## [YOUR ASSIGNMENT]
Pictures stay out of your copy, but everything else in the records below must be repeated exactly.

## [SOURCE INFORMATION]
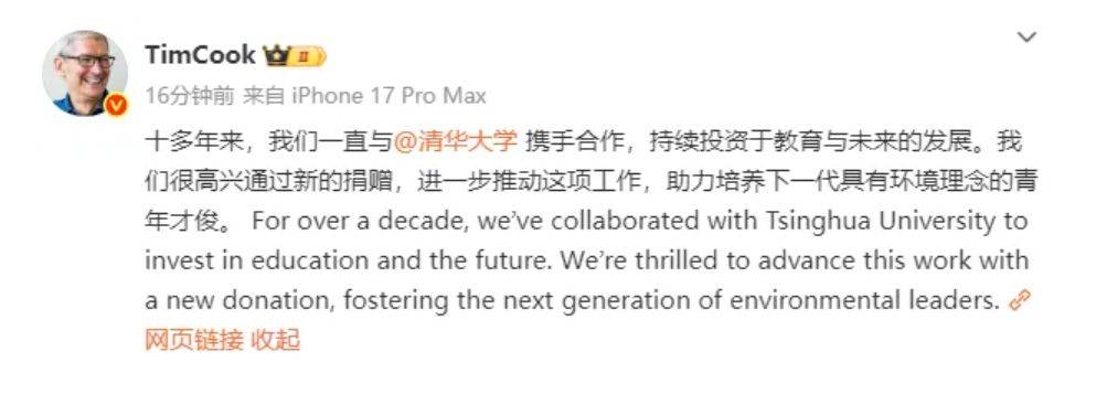 “我们很荣幸能在与清华大学长达十年的合作基础上更进一步,通过学术能力培养与实践经验赋能,助力学子们推动环境事业的发展。”Apple CEO Tim Cook表示,“新一代年轻人将如何运用创新与协作的力量让世界变得更美好,我们对此充满期待。” 据泡泡玛特公众号,10月13日,上海THE MONSTERS十周年巡展现场迎来一位特殊访客――苹果公司首席执行官蒂姆・库克。作为最新一次中国之行的首站活动,库克与泡泡玛特创始人王宁、LABUBU系列创作者龙家升进行了互动交流。 展览现场,三人一起参观了THE MONSTERS系列原创手稿和其他产品。龙家升还在iPad Pro上绘制LABUBU与库克的“同框合影”。参观结束时,王宁代表泡泡玛特向库克赠送了一份惊喜礼物。 今年是LABUBU诞生的十周年,为此,泡泡玛特举办了为期一年的全球巡回纪念展览,巡展首站落地上海。此次巡展公开了迄今为止数量最多的龙家升手稿和最完整的THE MONSTERS历代公仔。 值得关注的是,库克此次访华恰逢国内通信行业重要变革节点。10月13日晚间,国内三大运营商相继发布公告:中国联通、中国移动通过官方公众号宣布获得eSIM手机运营服务商用试验批复,中国电信则依据工信部许可文件,正式在全国31个省区市启动eSIM手机业务。 同在当日晚间,库克又现身抖音Apple Store官方直播间,宣布iPhone Air国行版将于10月17日上午9点开启预售,10月22日正式线下开售。 每日经济新闻综合苹果中国官网、泡泡玛特公众号、公开信息 封面图片来源:每日经济新闻 (责任编辑:董萍萍 )
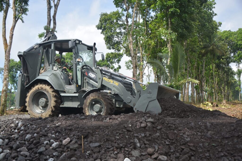 “Anggota Yonzipur 10/JP/2 Kostrad di bantu oleh Dinas PUPR bekerja sama untuk percepatan proses pembukaan lahan 80 Hektar dibantu dengan alat dozer milik Dinas PUPR, dan proses pembukaan lahan di perkirakan akan selesai dalam kurun waktu 14 hari”, ungkapnya.
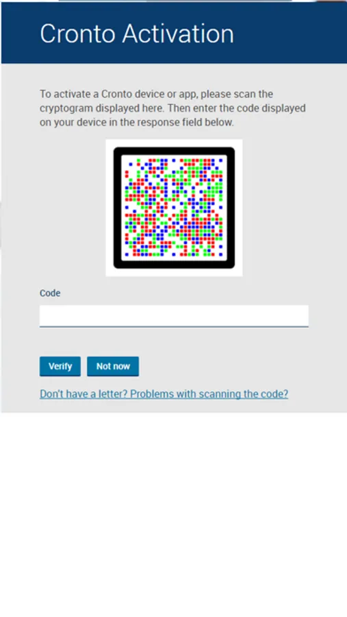 use your smartphone camera to instantly scan a graphical cryptogram on the PC screen and follow the instructions to login into BCC e-banking site and mobile app in the best secure way .
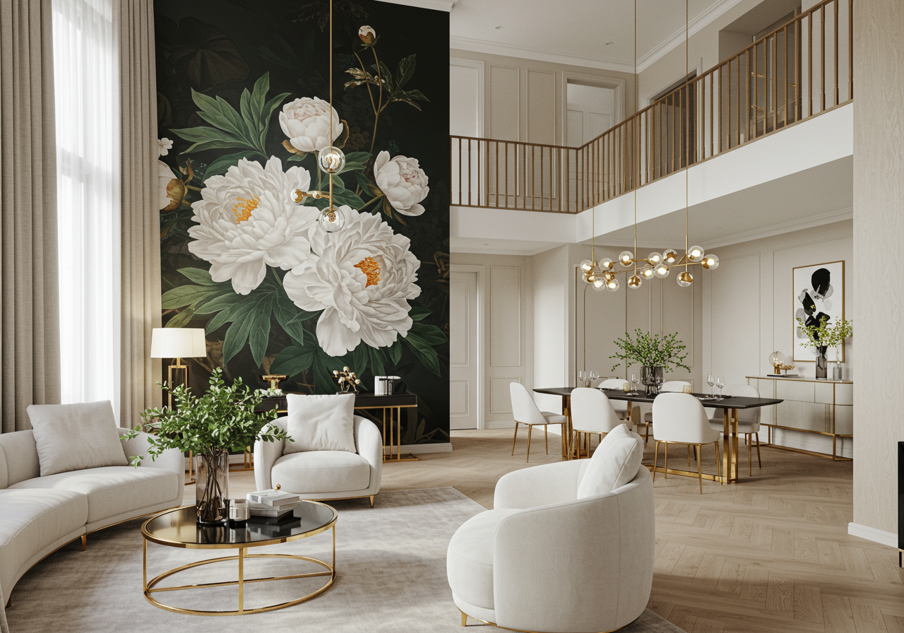 Another unconventional idea is to add a mural covering a large area on a living room wall. If combined with the right design elements and furniture, this look can be very luxurious.
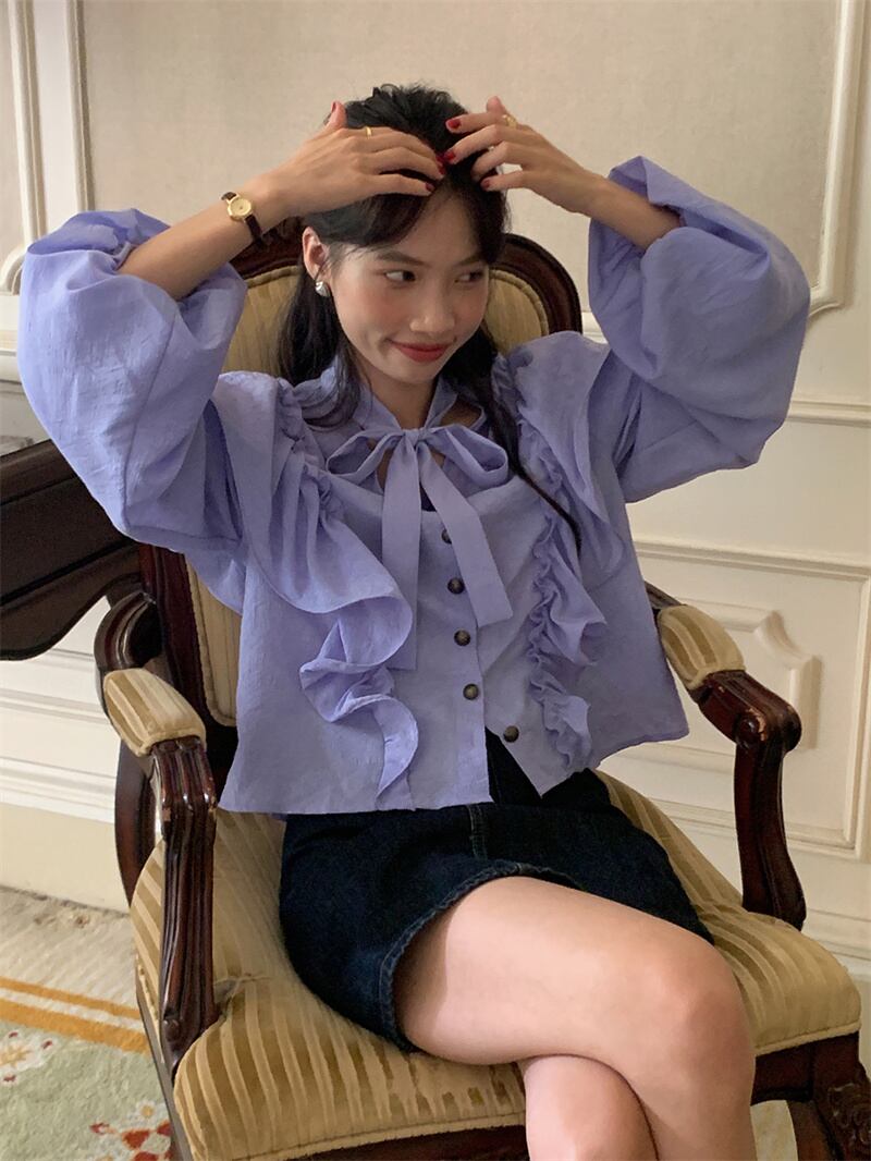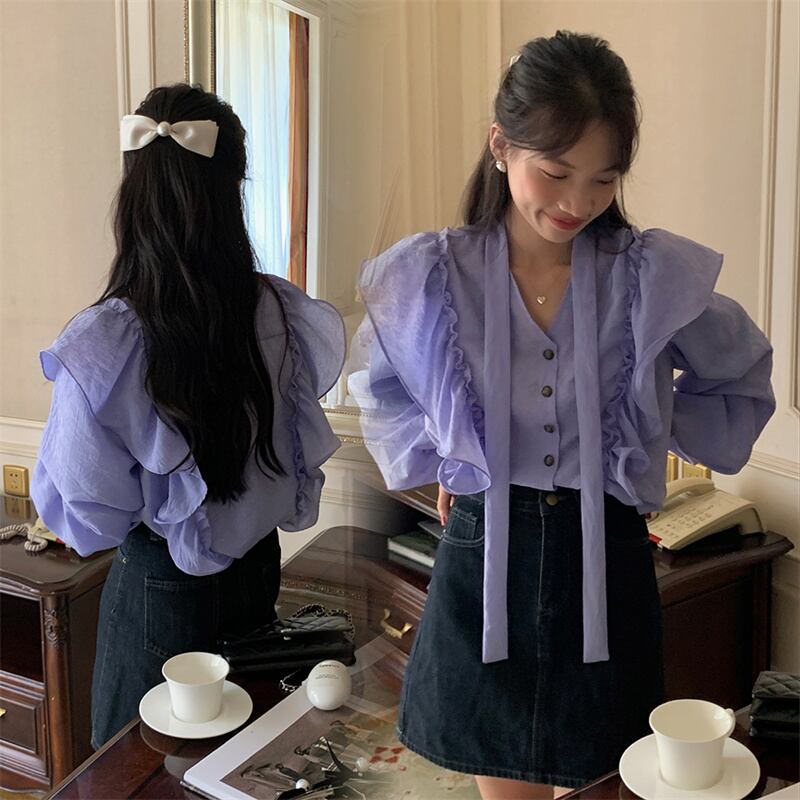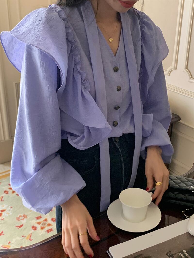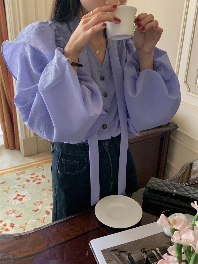 2023春INS★ 優しい デザイン感 フリル パーブル カジュアル シャツ 花袖
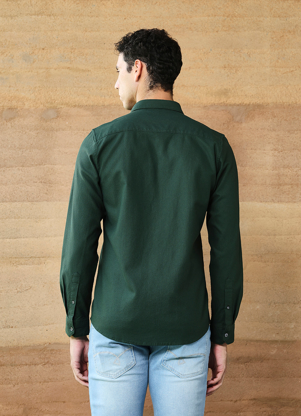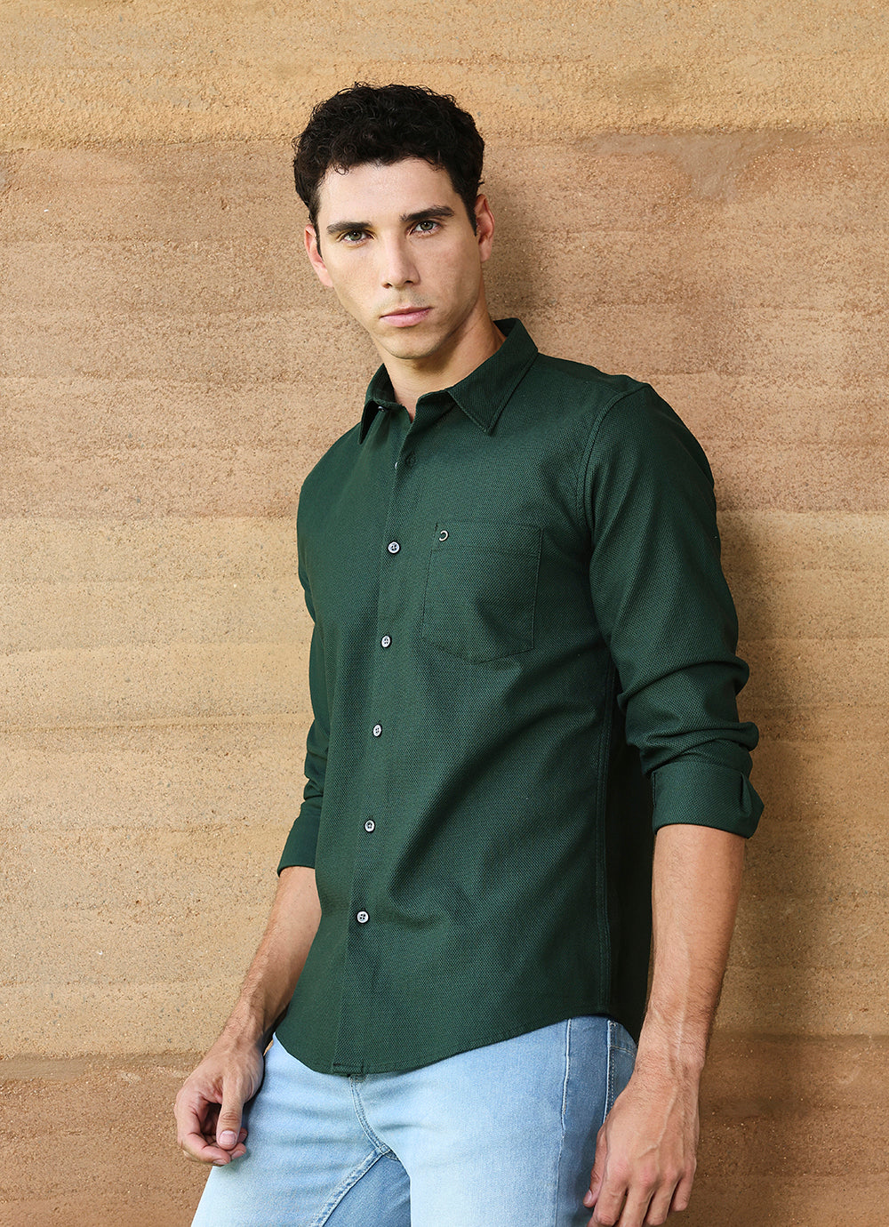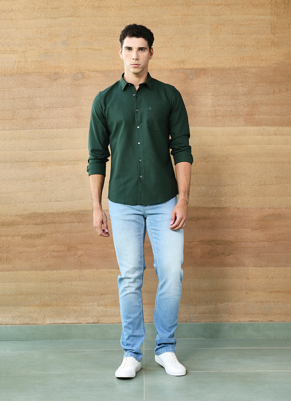 Green Solids Cotton Slim Fit Shirt
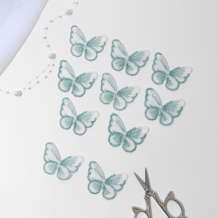 Вязаные элементы «Бабочки», 5,5 × 4 см, 10 шт, цвет зелёный/белый/хамелеон
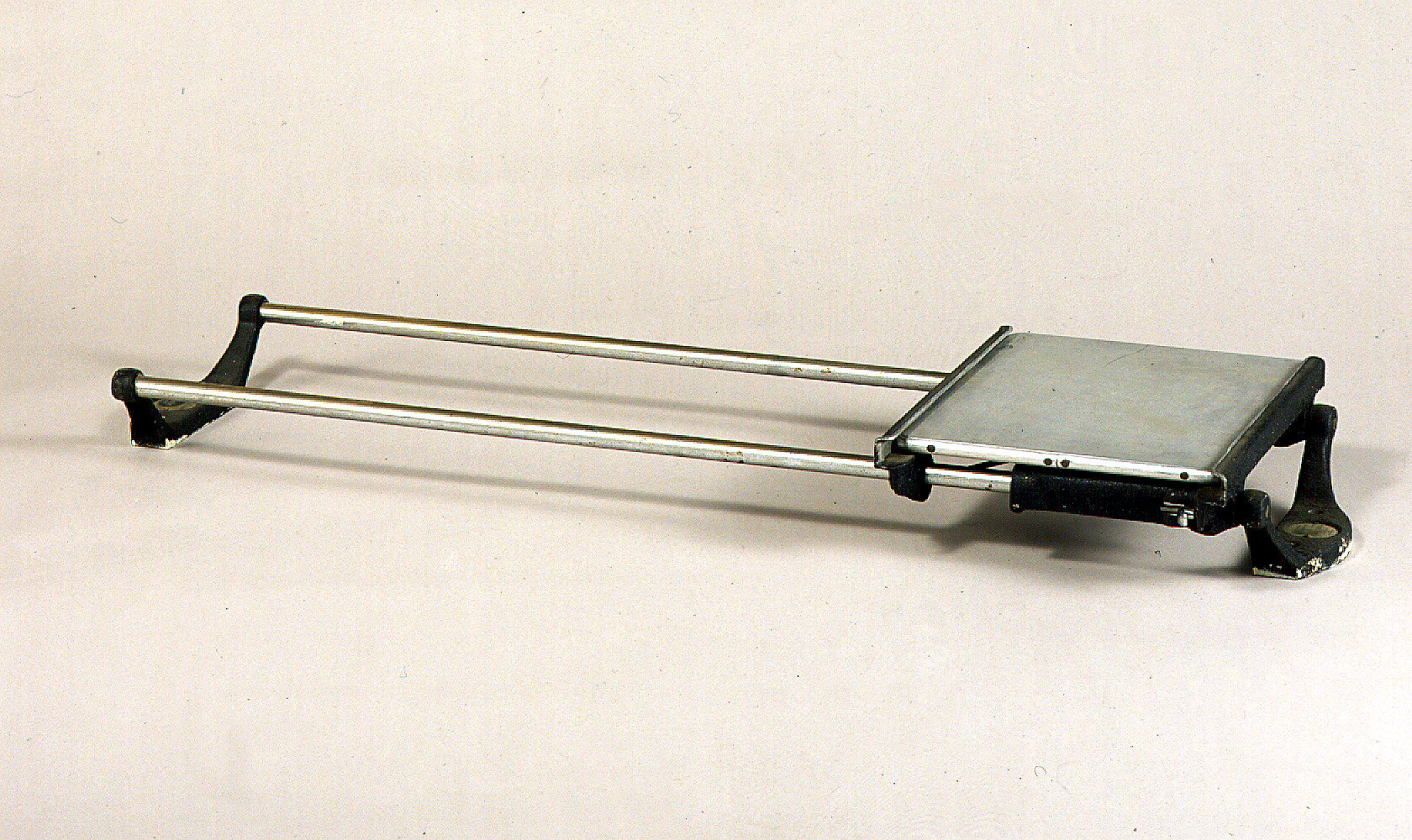 X-ray cassette and holder with 2 x 1 metre rods, joined at each end by shallow U-shaped bracket (2 screw holes). Cassettes held in square iron frame (painted black and with 2 curved diagonals) which has tracks top and bottom into which cassette slides. Height can be adjusted by sliding holder up or down vertical rods. Cassette is stain steel tray with thick sides and flat hinged lid, re-inforced by thick metal frame with network of diagonal bars and 2 swivelling shafts across centre which lock in to catches on either side of base. Lid has leather strip handle and hinges and is lined with felt. (Cassette is jammed in holder by 1 securing shaft which is badly bent.)
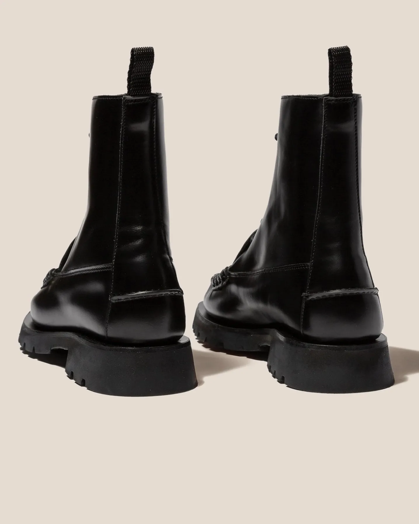 Tread sole lace-up loafer boot crafted in Spanish full-grain calf leather. The upper has been hand sewn using the traditional moccasin construction.
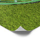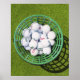 Golf balls in a basket sitting on short green poster
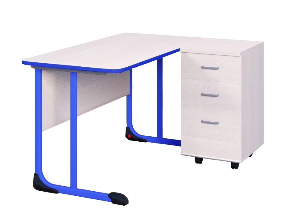 Размер: 1350*650*750 мм. Каркас стола - металлический сборно-разборный.. Крышка стола и тумбы ЛДСП не менее 22 мм, кромка антивандальная полиуретан. Царга из ЛДСП толщиной 16мм. Размер тумбы: 400*500*750 мм.
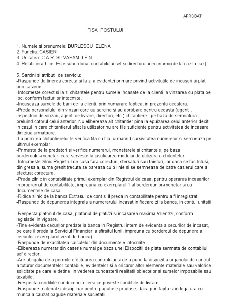 Fisa postului casier fisa evaluare profesionala personalizata raport evaluare calculator si documente cu explicatii. Numai daca este cazul 7. 2017 10696 iata un model de fisa de post pentru un casier conform portalcodulmuncii ro. Fisa evaluare riscuri casier.
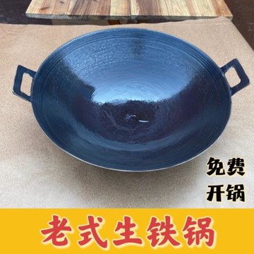 老式鑄鐵雙耳炒鍋無涂層圓底鍋生鐵鍋家用炒菜不粘鍋商用火鍋干鍋
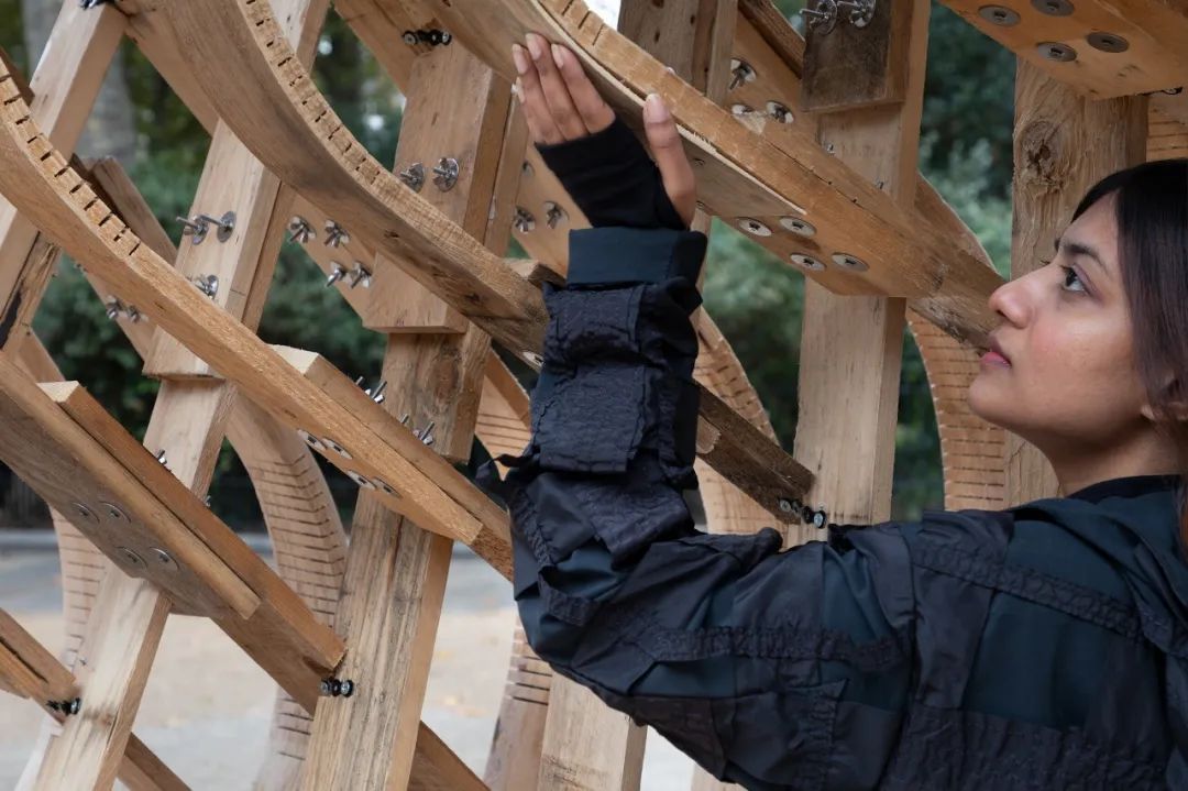 她补充说,作为设计师、建筑师和工程师,在设计和施工时我们对环境也负有责任,我们需要始终对设计和施工的方式保持敏感。如何将建筑垃圾变成有用的资源是本次探索的灵感之一,随后我们开始研究如何使用回收的木料打造一个户外的轻量结构,设计过程的前期便开始关注项目能带来的生态影响。
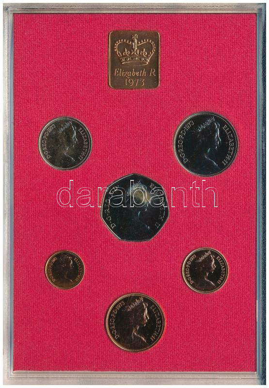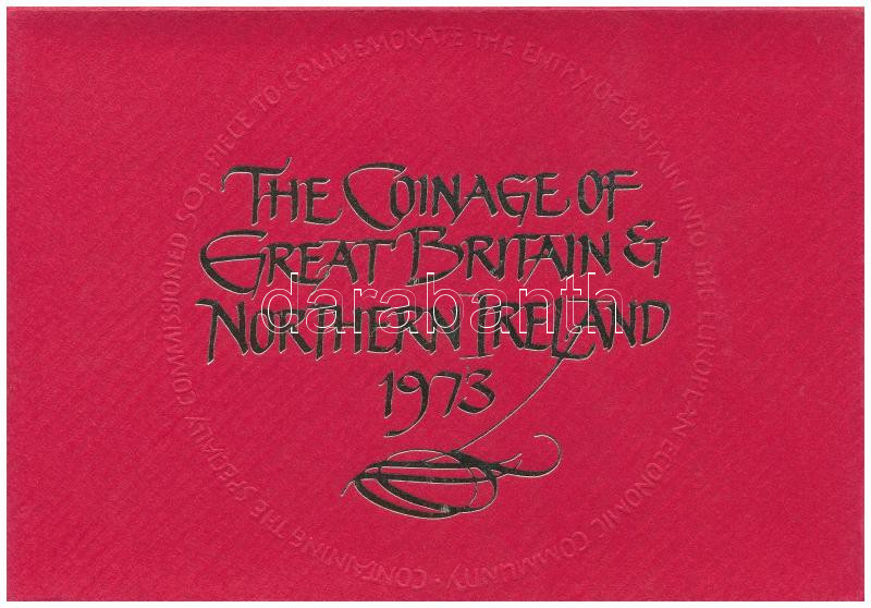 Nagy-Britannia 1973. 1/2p-50p (6xklf) hivatalos forgalmi sor lezárt dísztokban, borítékban, közte 1973. 50p Cu-Ni "Belépés az Európai Gazdasági Közösségbe" + "1973. Elizabeth R / Royal Mint" verdei zsetonnal T:PP, kis patina

## [RESULT OF THIS TASK]
 “我们很荣幸能在与清华大学长达十年的合作基础上更进一步,通过学术能力培养与实践经验赋能,助力学子们推动环境事业的发展。”Apple CEO Tim Cook表示,“新一代年轻人将如何运用创新与协作的力量让世界变得更美好,我们对此充满期待。” 据泡泡玛特公众号,10月13日,上海THE MONSTERS十周年巡展现场迎来一位特殊访客――苹果公司首席执行官蒂姆・库克。作为最新一次中国之行的首站活动,库克与泡泡玛特创始人王宁、LABUBU系列创作者龙家升进行了互动交流。 展览现场,三人一起参观了THE MONSTERS系列原创手稿和其他产品。龙家升还在iPad Pro上绘制LABUBU与库克的“同框合影”。参观结束时,王宁代表泡泡玛特向库克赠送了一份惊喜礼物。 今年是LABUBU诞生的十周年,为此,泡泡玛特举办了为期一年的全球巡回纪念展览,巡展首站落地上海。此次巡展公开了迄今为止数量最多的龙家升手稿和最完整的THE MONSTERS历代公仔。 值得关注的是,库克此次访华恰逢国内通信行业重要变革节点。10月13日晚间,国内三大运营商相继发布公告:中国联通、中国移动通过官方公众号宣布获得eSIM手机运营服务商用试验批复,中国电信则依据工信部许可文件,正式在全国31个省区市启动eSIM手机业务。 同在当日晚间,库克又现身抖音Apple Store官方直播间,宣布iPhone Air国行版将于10月17日上午9点开启预售,10月22日正式线下开售。 每日经济新闻综合苹果中国官网、泡泡玛特公众号、公开信息 封面图片来源:每日经济新闻 (责任编辑:董萍萍 )
 “Anggota Yonzipur 10/JP/2 Kostrad di bantu oleh Dinas PUPR bekerja sama untuk percepatan proses pembukaan lahan 80 Hektar dibantu dengan alat dozer milik Dinas PUPR, dan proses pembukaan lahan di perkirakan akan selesai dalam kurun waktu 14 hari”, ungkapnya.
 use your smartphone camera to instantly scan a graphical cryptogram on the PC screen and follow the instructions to login into BCC e-banking site and mobile app in the best secure way .
 Another unconventional idea is to add a mural covering a large area on a living room wall. If combined with the right design elements and furniture, this look can be very luxurious.
 2023春INS★ 優しい デザイン感 フリル パーブル カジュアル シャツ 花袖
 Green Solids Cotton Slim Fit Shirt
 Вязаные элементы «Бабочки», 5,5 × 4 см, 10 шт, цвет зелёный/белый/хамелеон
 X-ray cassette and holder with 2 x 1 metre rods, joined at each end by shallow U-shaped bracket (2 screw holes). Cassettes held in square iron frame (painted black and with 2 curved diagonals) which has tracks top and bottom into which cassette slides. Height can be adjusted by sliding holder up or down vertical rods. Cassette is stain steel tray with thick sides and flat hinged lid, re-inforced by thick metal frame with network of diagonal bars and 2 swivelling shafts across centre which lock in to catches on either side of base. Lid has leather strip handle and hinges and is lined with felt. (Cassette is jammed in holder by 1 securing shaft which is badly bent.)
 Tread sole lace-up loafer boot crafted in Spanish full-grain calf leather. The upper has been hand sewn using the traditional moccasin construction.
 Golf balls in a basket sitting on short green poster
 Размер: 1350*650*750 мм. Каркас стола - металлический сборно-разборный.. Крышка стола и тумбы ЛДСП не менее 22 мм, кромка антивандальная полиуретан. Царга из ЛДСП толщиной 16мм. Размер тумбы: 400*500*750 мм.
 Fisa postului casier fisa evaluare profesionala personalizata raport evaluare calculator si documente cu explicatii. Numai daca este cazul 7. 2017 10696 iata un model de fisa de post pentru un casier conform portalcodulmuncii ro. Fisa evaluare riscuri casier.
 老式鑄鐵雙耳炒鍋無涂層圓底鍋生鐵鍋家用炒菜不粘鍋商用火鍋干鍋
 她补充说,作为设计师、建筑师和工程师,在设计和施工时我们对环境也负有责任,我们需要始终对设计和施工的方式保持敏感。如何将建筑垃圾变成有用的资源是本次探索的灵感之一,随后我们开始研究如何使用回收的木料打造一个户外的轻量结构,设计过程的前期便开始关注项目能带来的生态影响。
 Nagy-Britannia 1973. 1/2p-50p (6xklf) hivatalos forgalmi sor lezárt dísztokban, borítékban, közte 1973. 50p Cu-Ni "Belépés az Európai Gazdasági Közösségbe" + "1973. Elizabeth R / Royal Mint" verdei zsetonnal T:PP, kis patina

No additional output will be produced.